Cybercriminals Targeting O365 Users in New Phishing Campaign

Microsoft is warning office 365 clients of a new wave of cyber attacks used by threat actors.

Criminals are now using seemingly legitimate email addresses, containing display names, that manage to bypass email filters. These phishing scams are increasingly more sophisticated and mimic reputable sources. Hackers are targeting office 365 organizations whose employees send attachments regularly, according to Microsoft Security Intelligence (MSI).

MSI was able to determine that emails sent by malicious actors often contained fake Microsoft SharePoint attachments, and appeared as if they were from a trusted source. Domains used in these phishing emails are deliberately misspelled, but may resemble a trusted company (ex. johndoe@google.com vs johndoe@googIe.com, where the second address use a capitalized an “i” in place of an “l”). This would make it difficult to tell whether the domain was legitimate or not, a technique called “typosquatting”.

By clicking on the link within the fraudulent email, a fake sign-on page comes up with areas to input user’s Microsoft or Google usernames and passwords. MSI highlighted how legitimate these phishing attacks could appear, which may trick unsuspecting employees and employers.

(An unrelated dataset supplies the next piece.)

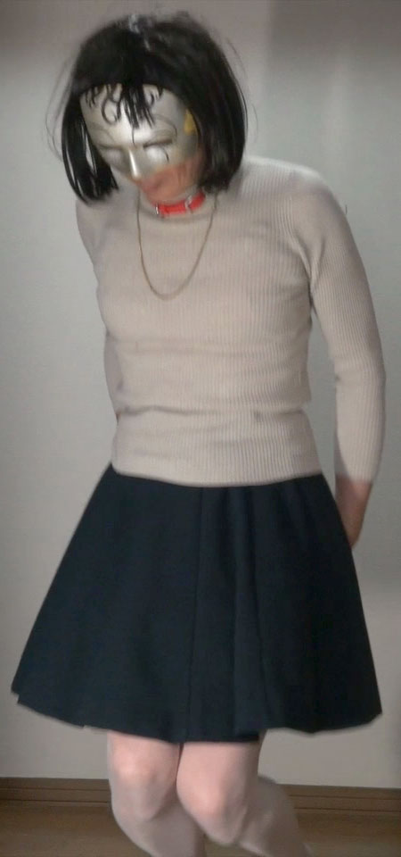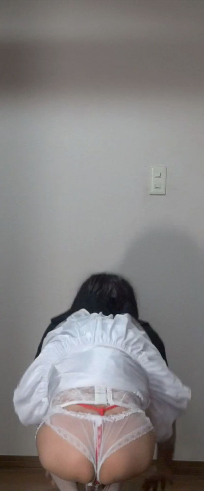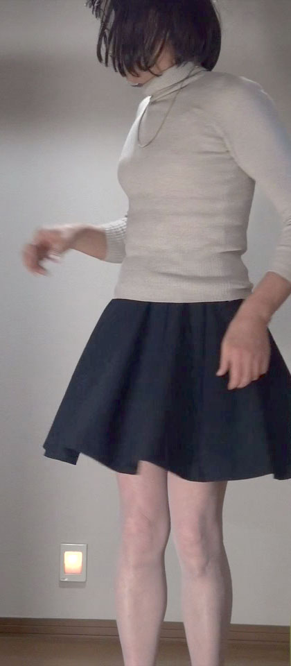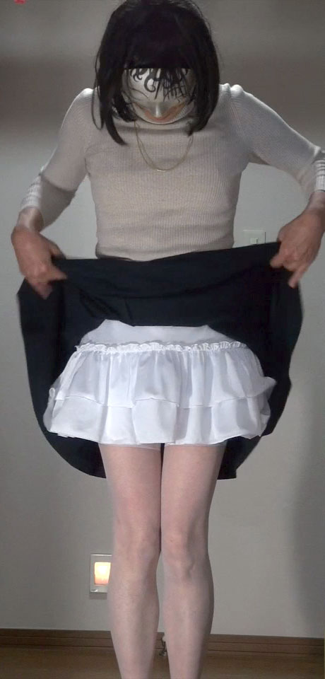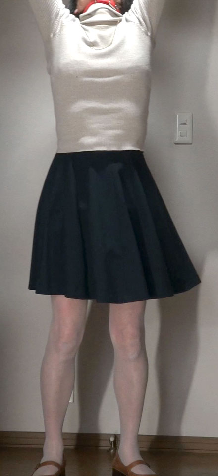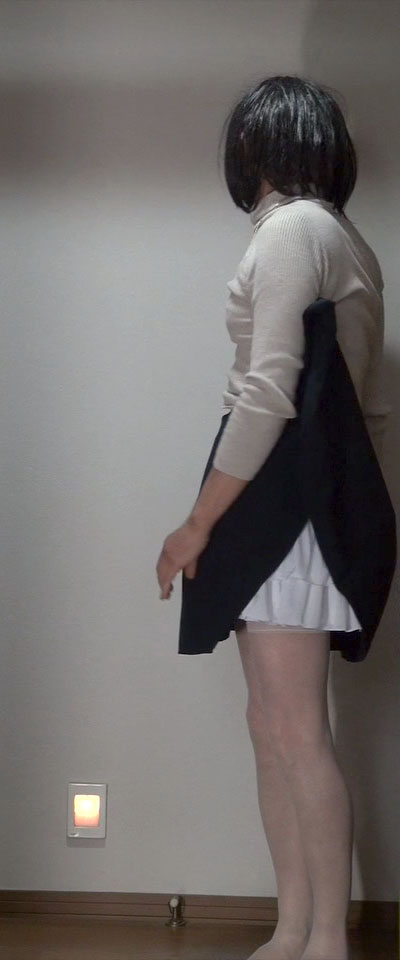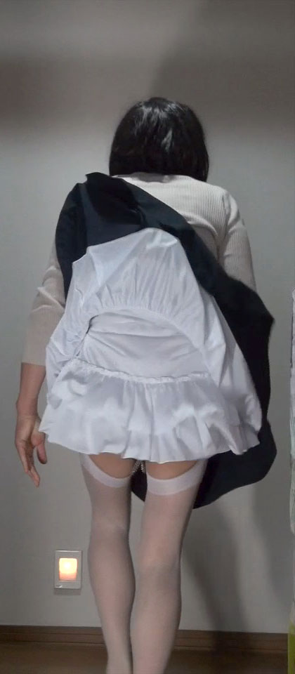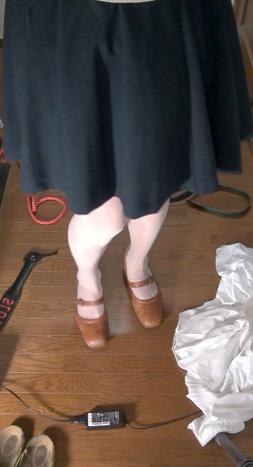 (精液がスカートの裾から滴り落ちる拡大映像です。スローモーションつき...)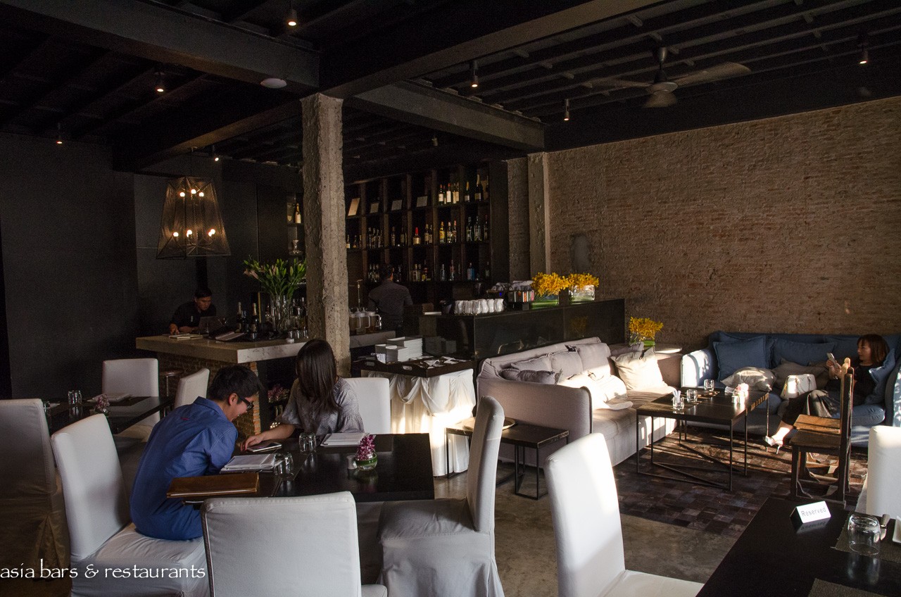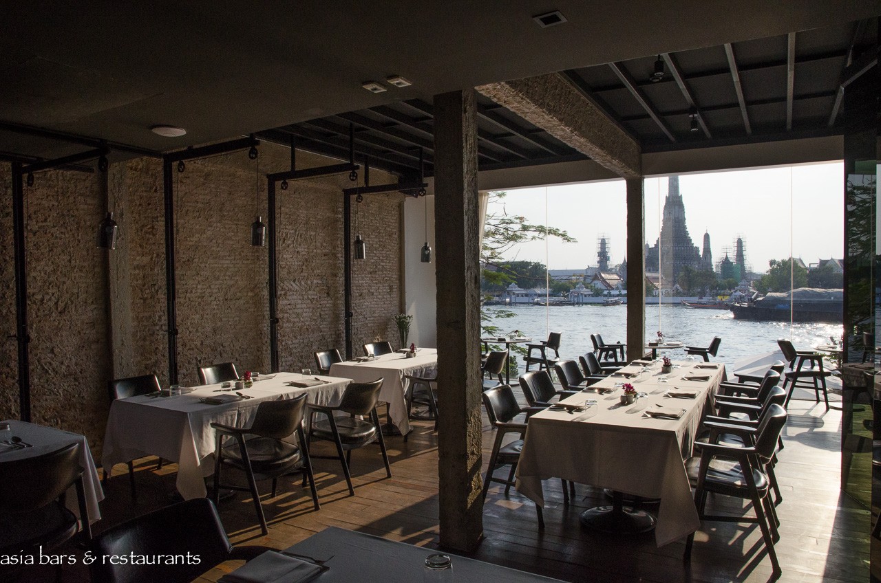 Opened in 2013, sala rattanakosin was developed by the locally owned luxury resorts operator SALA Hospitality Group. The 15 room boutique hotel is set within a near-century old warehouse building, refurbished with a minimalist decor that features modern elements deftly over-laid onto surfaces of revealed original construction materials like raw brickwork, unfinished concrete and wooden beams. Set across two levels, the eatery & bar offers diners the choice of outdoor dining and drinks on the riverfront timber deck, on indoors at either the casual ground level bar space, or at the intimate dining room space on the second floor. An internal black steel staircase leads up to the open-air rooftop bar and lounge where guests can take in the wonderful views in laid-back comfort.

Cyber criminals are always on the lookout for newer and more sophisticated ways to steal your personal information. Social engineering tactics like these emphasize the importance of maintaining cybersecurity best practices. You never want a hacker to gain access to your sensitive information, so be sure to read through your emails carefully. You should also consider having a strong email filtering system, as well as simulated phishing training, to keep your data safe and secure.